Oct 29, 2024
Fishermen are going to court in Portland, Maine, on Tuesday to protect their businesses and communities from an unconstitutional regulatory commission that is a menace to our iconic industry.
Overregulation has taken the joy out of fishing, and the prosperity too. That inevitably follows when powerful bureaucrats aren’t accountable to anyone, as is the case with the unconstitutional regional management councils that set policy for our fisheries.
America’s fishing fleet is steadily retracting. Fishing is a generational trade passed within families. Many fishermen I know are vectoring their sons and daughters away from the family business. There are many reasons for that, but overregulation is one of them. In my state of Maine, the New England Fishery Management Council sets federal rules binding fishermen. Council members are insulated from any political accountability – a serious constitutional defect – and the rules show it.
Take the council’s latest plan for our fishery, Framework Adjustment 65. I was a ground fisherman – that is, an offshore trawler – when I captained the F/V Teresa Marie IV. Haddock was a big part of my business in those days. The council’s plan slashes landings for haddock by 82 percent. I challenge any business to turn a profit with only 17 percent of last year’s inventory. I might try to make up that business by targeting another species, such as white hake. But white hake landings are cut by 13 percent under the new plan.
How am I supposed to make up for these quota reductions? Recent years have made that question especially urgent. Inflation drove costs up, and the delta between expenses and revenues keeps growing.
Worse has happened to my brother and sister shrimpers in Maine. The Gulf of Maine used to support a robust shrimp fishery. The management council placed a moratorium on shrimping in 2013 – and not without reason. Ocean temperatures ticked upward, which stressed the shrimp stocks. A recovery period was appropriate. But our shrimp fishery is not so fragile as to require a decade for revitalization. The desk-bound bureaucrats on the council disagree.
Over time, shrimpers reached the devastating conclusion that the council had no plans to lift the moratorium. Those able to retire did so. Others sold their gear and their boats to break into different fisheries – that caused some tension, in perfect candor. Meanwhile, I’m seeing shrimp everywhere, and industry is making a last-ditch effort to convince the council that the shrimp stocks have recovered.

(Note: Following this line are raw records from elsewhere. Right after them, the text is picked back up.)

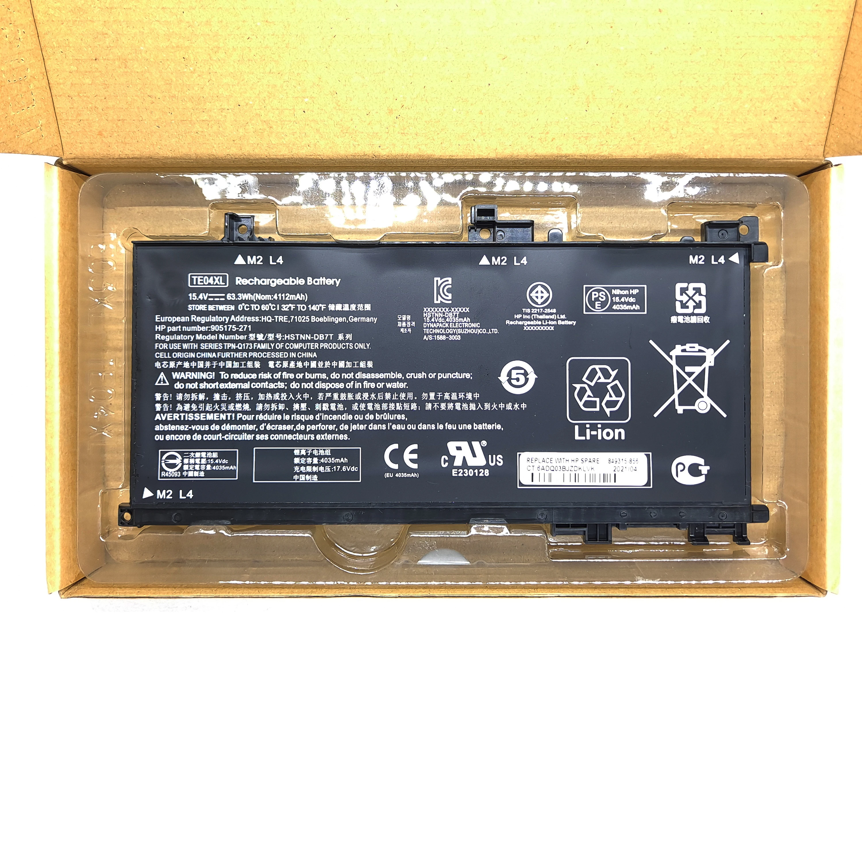 Оригинальный оригинальный телефон TE04XL TEO4XL 905175-271 Стандартный Аккумулятор для ноутбука HP Omen 15-AX200 Pavilion 15-BC200 15t-bc200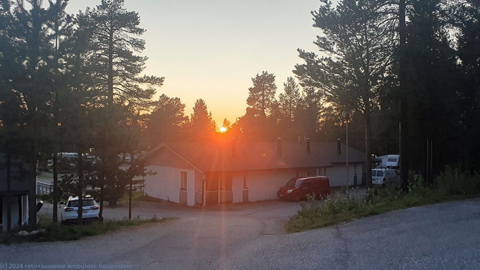 wir stehen gegen 08:45 uhr auf. der himmel ist wolkenlos, es ist deutlich wärmer als in hossa. entsprechend frühstücken wir im t-shirt und kurzen hosen im freien. da wir noch nichts vom flughafen kittilä gehört haben, entschliessen wir uns, die schmutzige wäsche zu waschen. während die maschine wäscht, spazieren wir durch den ort und kaufen im supermarkt einige lebensmittel. zurück auf dem campingplatz kümmert sich susanne um unsere wäsche, ich arbeite am computer. gegen mittag unterhalte ich mich mit hermann via skype. danach essen wir eine kleinigkeit. während wir beim frühstücken noch versucht haben, ein bisschen morgensonne zu erwischen, suchen wir nun schatten. die temperatur steigt im laufe des nachmittages bis auf 25°C. wir machen einen etwas ausgedehnteren spaziergang als am morgen. zuerst setzen wir uns aber ins cafe an der hauptgasse und geniessen kaffee und kuchen. plötzlich taucht ein mächtiges rentier auf. es stolziert unbekümmert mitten durch den ort.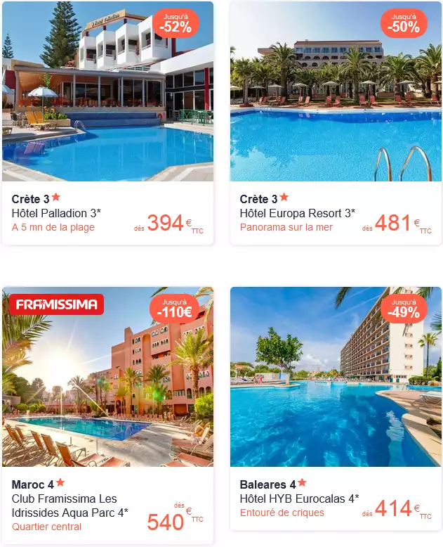 Envie de vacances, de soleil et d'aventure ? Profitez de superbes offres spéciales et partez sur un coup de tête en vacances. Il vous suffit de faire vos valises et c'est parti !

My organization, the New England Fishermen’s Stewardship Association (NEFSA), filed a lawsuit challenging the management councils on constitutional grounds. A federal judge in Portland will hear arguments in our case on Tuesday.
NEFSA maintains that council members should be nominated by the president and confirmed by the Senate, given that they are chief policymakers for our fisheries. Alternatively, they should at least be appointed by a politically accountable officer like a cabinet secretary. But they are not. Nor can council members be removed, even by the president.
Strangely, the states get a major say in picking council members. Some members sit on the council by virtue of their state offices. Others are selected from lists prepared by governors. This convoluted system allows state officials to exercise federal power and gives states a role in appointments the Constitution does not allow.
As our brief explains, appointments aren’t just a matter of protocol or a legal nicety. The appointments process is a structural guarantor of our freedom. It ensures that bureaucrats are answerable to the people, insofar as they are answerable to an elected official. If council members aren’t answerable to the public, we can’t be surprised when their choices consistently disfavor the people.
Jerry Leeman is CEO of the New England Fishermen’s Stewardship Association.